Apenas algumas semanas passadas da confirmação, você sente. São as cólicas que vêm e vão, é o peito doendo, inchando, não cabendo mais nas roupas. São os quadris se redimensionando, abrindo espaço por dentro para acomodar quem chegou, está chegando, se formando. É a indisposição dos primeiros meses. É a sensação de ter sido enganada, cadê o famoso brilho da gravidez?
Calma. Ele já vem. E depois vai, depois volta. É assim.
De quem é este corpo? Não é mais seu. É seu e de seu bebê. Estado liminar. Como estar presa dentro da soleira da porta, sem passar para o lado de dentro e sem poder voltar para o lado de fora; é assim a gravidez, um não ser si mesma sem ser o outro, um estar que se dilata no tempo enquanto o espaço estica, acolhe, preserva. Uma entre fase, um interlúdio. Aprendizagem da espera.
Dizem que as grávidas têm sonhos estranhos no começo da gravidez. Eu passei por isso. Num desses sonhos, eu tinha que tomar um líquido extraterrestre para poder continuar a viver. Lutei para não ter que bebê-lo, mas não tive escolha. Precisei colocar no meu corpo a substância estrangeira. Aceitar o bebê estrangeiro, aquele corpo estranho no meu corpo familiar, novo corpo mamífero. Eu, controladora e organizada, queria passar pela gravidez sem que ela passasse por mim. Queria gerenciar e acontecer minha gravidez, mas foi ela que me aconteceu, apesar de mim, ainda bem.
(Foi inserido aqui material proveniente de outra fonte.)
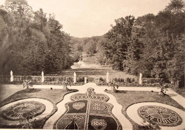 | Keywords: Диканька. Герб роду Кочубеїв на квітнику у дворі палацу..jpg uk Диканька Ð“ÐµÑ Ð± Ñ Ð¾Ð´Ñƒ Кочубеїв на квітнику у Ð´Ð²Ð¾Ñ Ñ– палацу en Dykan'ka Coat of arms of princely family Kochubey in the flower garden in the courtyard of the palace fr Dykan'ka Blason de la famille princière Kochubey dans le jardin de fleurs dans la cour du palais before 1917 Site http //www etoretro ru/pic28759 htm author Custom license marker 2013 11 26 PD-RusEmpire Uploaded with UploadWizard Kochubey Palace |

Demorei a entender que a única coisa que se pode fazer no limiar da porta é se entregar enquanto o próximo passo não for possível.
Estar grávida é um segredo com prazo de validade. Outros podem ser guardados, deixando a aparência intacta; mas a barriga crescendo não é um detalhe, é um grito de bicho no meio da noite. E eu aceitei esse grito no corpo, aceitei meu corpo se expandindo, tomando mais espaço, falando por mim tudo aquilo que eu calava. Inventei minha esquizofrenia circunstancial: responsabilizar o bebê pelo mau humor, pelas lágrimas, pela sensibilidade. Depois entendi que precisava de espaço para gestar em paz. Recolhimento. Dormir cedo. Curtir o corpo. O corpo intensificado: mais sabor, mais amor, mais sono, mais fome, mais sede. Mais um. Mais um corpo dentro do corpo. Dois estando em um.
E foi então que chegou o brilho da gravidez.
No funcionamento perfeito e inesperado de dois corações no mesmo espaço, eu era a mulher hiperbólica, lunar, que tinha mais sangue dentro de mim, mais vida por que lutar, o corpo mais forte para abrir caminhos. Mais perto da água e mais longe do asfalto, os pés pisando firmes na terra, deixei minha filha se enraizar em mim, até que ela estivesse pronta. Pronta para vir ser uma a meu lado, saindo do meu corpo para me dar as mãos.